Northrop Grumman is part of an industry team that is led by Bell Helicopter Textron Inc. (NYSE:TXT), the manufacturer of the helicopter, and includes Thales, and FLIR Systems Inc. Northrop Grumman personnel have worked closely with Bell Helicopter and government team members from both the Naval Air Systems Command's H-1 Program Office in Patuxent River, Md. and the Naval Air Warfare Center Weapons Division in China Lake, Calif., supporting flight testing of the aircraft at a number of military locations.

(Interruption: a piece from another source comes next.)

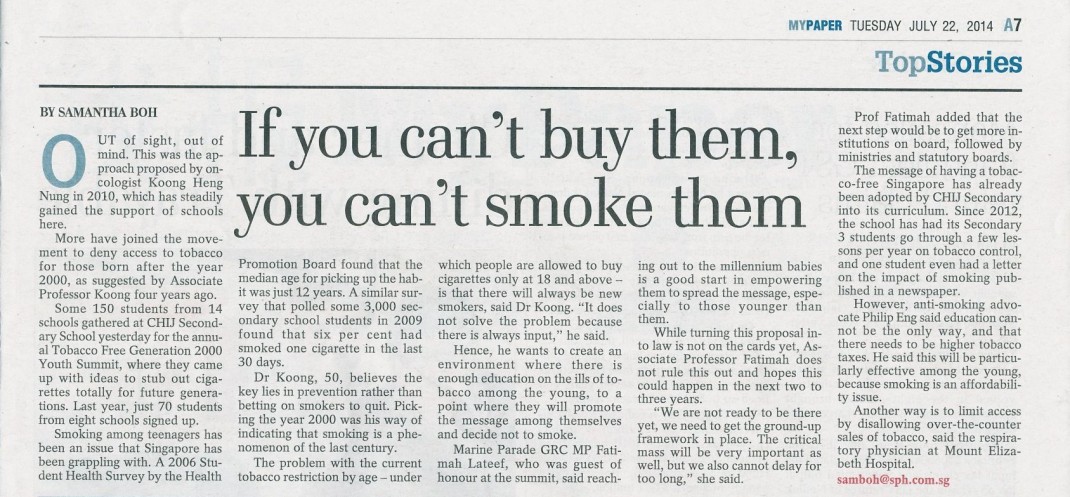 2014 Youth Summit reported in local newspapers 11 years ago Two local newspapers, The Straits Times and My Paper covered our 2014 Youth Summit. Previous post3rd Annual Youth Summit 2014 Next post2nd Annual Ride for Tobacco Free Generation About author View all posts TFG

Part of the H-1 Upgrades program, the Marine Corps' UH-1Y Huey, replaces the aging UH-1N Huey that is currently fielded and in combat. According to program officials the UH-1Y doubles the range and payload of the UH-1N and provides significant improvements in maintainability and reliability, and its 84% commonality of parts with the AH-1Z reduces lifecycle costs by decreasing the aircraft's logistics footprint for both aircraft. The total program requirement for the UH-1Y is 100 helicopters; however the Marine Corps is requesting an additional 23 aircraft to meet its Grow the Force initiative. Delivery is expected to be complete by the end of 2016.(GLOBE NEWSWIRE)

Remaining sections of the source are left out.